さらにSNSからも「今がもうけ時だ」というメッセージが入る。1回当たりの金額はさほど高額でなくても、何度も何度も「投資」して送金していくうちに合計額は大きなものになる。そして、ある日突然、相手と連絡がつかなくなる(その直前には「引出手数料」と称して最後の詐欺が行われることもある)。また被害者がしっかりした方であればあるほど途中で周囲に相談しにくく、被害が深まる傾向にあるようだった。
国による規制が必要
こうして被害者の方々は人生を台なしにされている。これ以上の被害をなくすために取り急ぎ必要なのは、犯罪につながるSNS広告を根絶し、詐欺の入り口を塞ぐことだ。そして、フェイスブックから詐欺広告をなくす方法は簡単だ。メタ社が詐欺広告を載せなければ良いだけだ。自動検知などを使って大量の広告を扱う今の方法では見極めが難しいなら、広告の量を絞り込めばよい。詐欺広告が掲載されるよりはましだ。または詐欺被害について広告を流した業者にも責任をとらせる考えもある。
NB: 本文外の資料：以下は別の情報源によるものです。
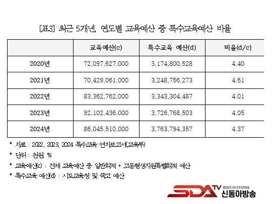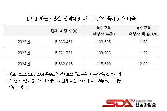 ±¹È¸ ±³À°À§¿øÈ¸ ¹é½Â¾Æ ÀÇ¿ø(´õºÒ¾î¹ÎÁÖ´ç)°ú ±³»ç³ëµ¿Á¶ÇÕ¿¬¸Í(±è¿ë¼­ À§¿øÀå)ÀÌ ±¹Á¤°¨»ç ÀÚ·á ¡®2022~2024³â Ư¼ö±³À° ¿¬Â÷º¸°í¼­¡¯¸¦ ºÐ¼®ÇÑ °á°ú, Àüü ÇлýÀº 2022³â 583¸¸ 451¸í, 2023³â 572¸¸ 1,731¸í, 2024³â 568¸¸ 2,016¸íÀ¸·Î °è¼Ó °¨¼ÒÇϰí ÀÖ¾ú´Ù. ¹Ý¸é¿¡ Ư¼ö±³À° ´ë»óÀÚ´Â 2022³â 10¸¸ 3,695¸í(1.78%), 2023³â 10¸¸ 9,703¸í(1.92%), 2024³â 4¿ù ±âÁØ 11¸¸ 5,610¸í(2.03%)À¸·Î ¸Å³â Áõ°¡ Ãß¼¼¿´´Ù. 2020³â 9¸¸ 5,420¸í, 2021³â 9¸¸ 8,154¸íÀ̾ú°í, 5³â »õ Çлý Áõ°¡À²ÀÌ 21.2%¿¡ ´ÞÇß´Ù.
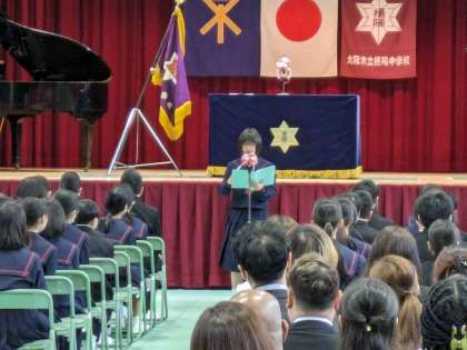 「在校生代表歓迎のことば」と「新入生代表よろこびのことば」の様子です。
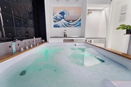 The hot tub is a top feature of this suite. This suite includes 1 living room, 1 separate bedroom and 1 bathroom with a bath and free toiletries. The fully equipped kitchen features a stovetop, a refrigerator, a dishwasher and kitchenware. The suite has tiled floors, a seating area with a flat-screen TV with streaming services, air conditioning, a tea and coffee maker, as well as a dining area. The unit has 1 bed.
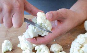Divisez la pomme du chou-fleur en bouquets réguliers.

しかし、こうした対策作りはIT業界側に任せても遅々として進まないだろう。だからこそ、国による規制が必要だと思う。ネット広告の無法地帯で国民が犯罪被害にさらされる事態を政治・行政が放置してはならないはずだ。
こうしている間にもどこかで誰かが被害を受けている。それを止めるためには、今この瞬間から対策に動かなければならない。
□西脇亨輔(にしわき・きょうすけ)1970年10月5日、千葉・八千代市生まれ。東京大法学部在学中の92年に司法試験合格。司法修習を終えた後、95年4月にアナウンサーとしてテレビ朝日に入社。『ニュースステーション』『やじうま』『ワイドスクランブル』などの番組を担当した後、2007年に法務部へ異動。弁護士登録をし、社内問題解決などを担当。社外の刑事事件も担当し、詐欺罪、強制わいせつ罪、覚せい剤取締法違反の事件で弁護した被告を無罪に導いている。23年3月、国際政治学者の三浦瑠麗氏を提訴した名誉毀損裁判で勝訴確定。6月、『孤闘 三浦瑠麗裁判1345日』(幻冬舎刊)を上梓。7月、法務部長に昇進するも「木原事件」の取材を進めることも踏まえ、11月にテレビ朝日を自主退職。同月、西脇亨輔法律事務所を設立。